Hilary Robb, the community co-ordinator at Ikea, believes Mrs McKay's placement was of mutual benefit. "For Pam it was a chance to see a very different way of working, but for us there was a trade-off. We got an insight into her way of working." she says.

"It's very interesting to see a different managerial structure, where people are still dealing with a large number of people but in a different way. Because Ikea is a Swedish company, we have a different approach to management. We got a fresh view on things and Pam's feedback was beneficial to us."

Alison Miller, a teacher at Gylemuir Primary in Edinburgh, has gained a lot from the two placements she has done, the first with the National Galleries of Scotland, to support art work in the school curriculum, and then one with a special needs charity.

"My role in the school changed," she explains. "Although I still have the responsibility for art, I am also the learning support teacher. This was a new post to me. We have a growing number of autistic children coming into the school, particularly in early years and nursery, and this was something we didn't know a lot about.
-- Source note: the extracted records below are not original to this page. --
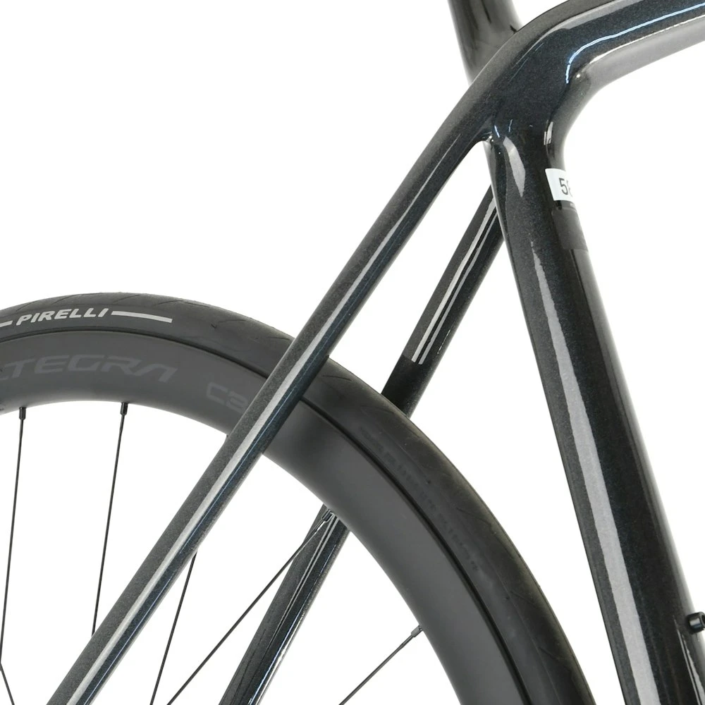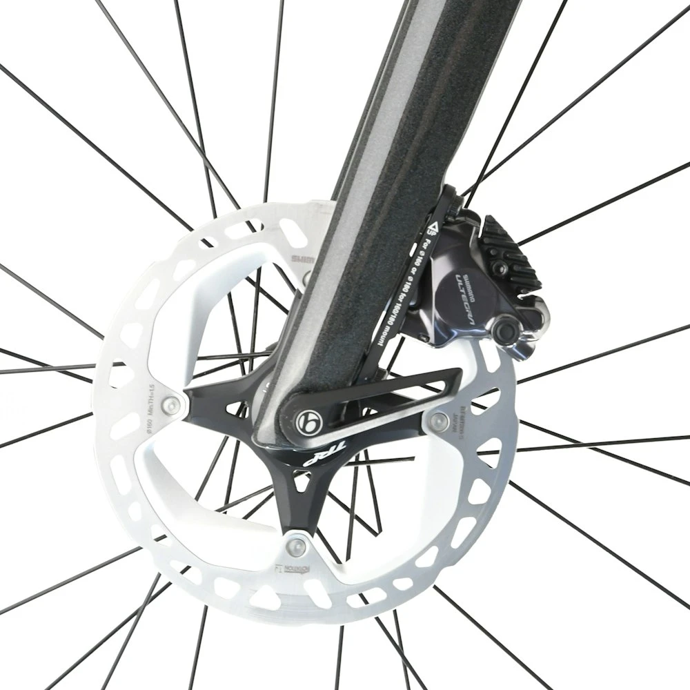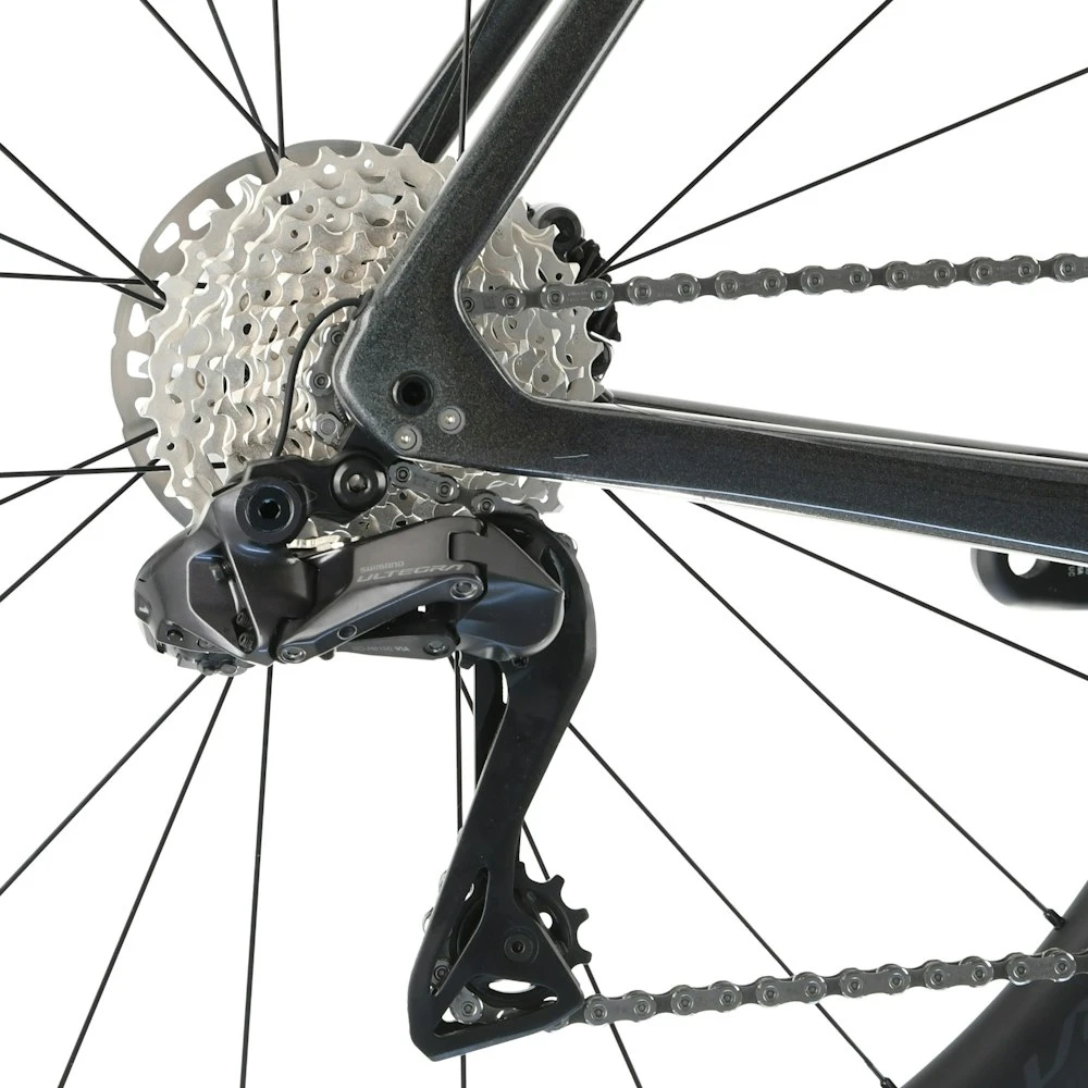 An ultralight and aerodynamic 800 Series OCLV Carbon frame that weighs under 700 grams, a full carbon fork, a wireless 2×12 Shimano Ultegra Di2 electronic drivetrain, lightweight Shimano Ultegra C36 Carbon tubeless ready wheels, and powerful hydraulic disc brakes.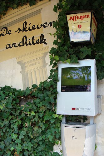Dans mon billet de lundi j’expliquais les mutations que la pub avait connues pour devenir à ce point omniprésente. On est passé d’une stratégie unique, uniforme (les Américains diraient « one-size-fits-all ») dans laquelle un panneau publicitaire avec un message unique était imposé au plus grand nombre, à une segmentation plus fine imposant des messages adaptés aux différents types de besoins. Pour suivre cette tendance les messages publicitaires ont envahi une multitude de lieux desquels ils étaient traditionnellement absents, renforcant ainsi leur caractère intrusif. Je vous propose deux exemples pour illustrer cette tendance.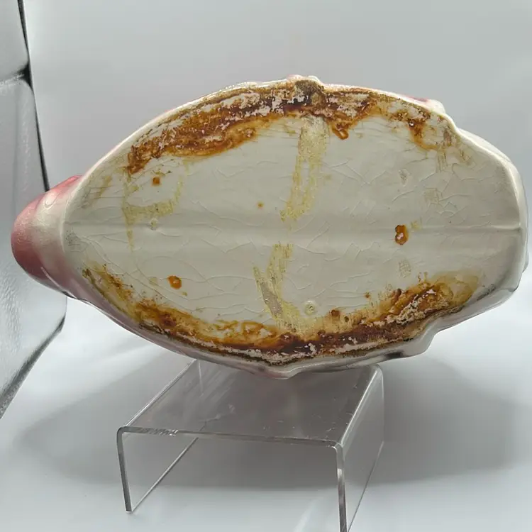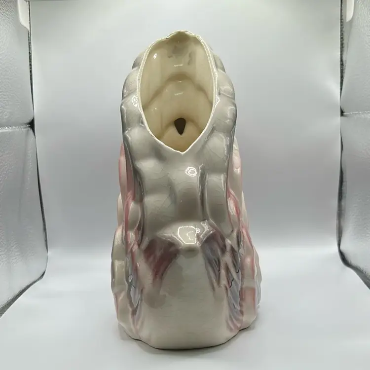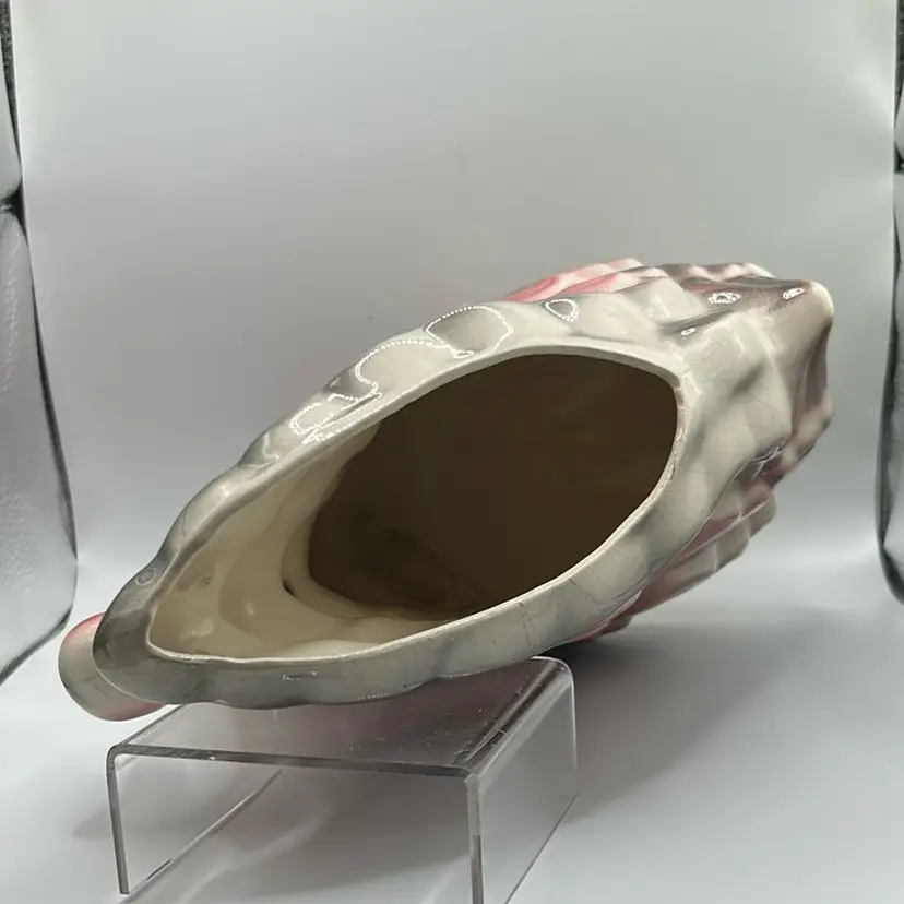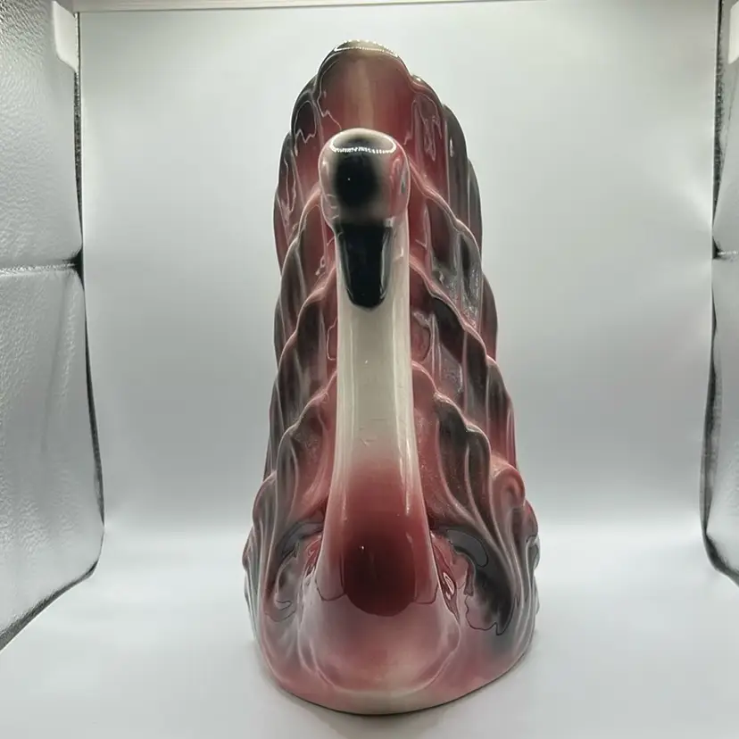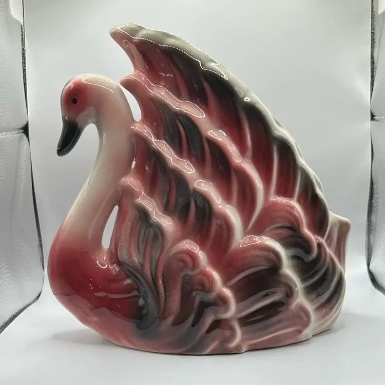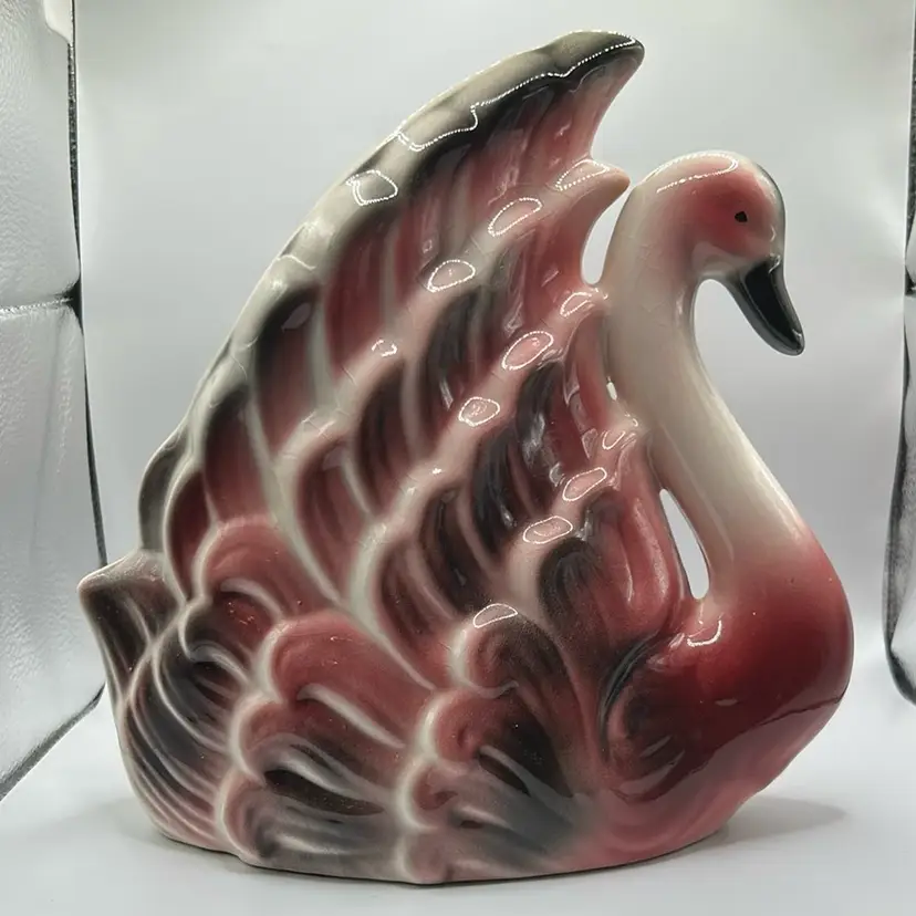 This piece is a vintage ceramic swan planter. It has intricate detailing which emphasizes its wings and neck. This piece can also be used as a vase. This thing is 9 inches tall and 8 inches across. There is some crazing, but there are no chips or cracks.

We didn't know the best way to teach them."

Ms Miller's second placement was split between the Edinburgh-based charity Snip (Special Needs Information Point), which provides advice and information on services available to children with special needs and their carers, and a speech and occupational therapist who was running a group for autistic children.

"When I was with Snip, I did a lot of web-based research and reading and updated their files," she explains. "We did a lot of chatting on the parents' perspective, and this was something I went back to school with; how you deal with the parents of children with special needs.

"In the afternoons, I worked with a group of pre-school autistic children.

I learned about the visual timetable, the need for a strict routine, a repetitive pattern. It was really good to observe the kind of activities they carried out with the children. I came back to school with lots of ideas and more idea of what to expect.

"The placements had a big impact on my teaching. I felt a lot more comfortable and confident dealing with the children with autism and with their parents."

The three Edinburgh teachers have been keen to share their experiences with colleagues. More broadly, Ms Miller advises: "When you are on placement you really have to make sure that you get what you want out of it. The placements are good, particularly for people who have been in education for a while. You are educating children to go out into the workplace and you have to have an idea of what the workplace is like."

"The feedback we get," says Mrs McLardy, "from companies, teachers and schools, is extremely positive. They all agree there is a lot of value in doing a placement."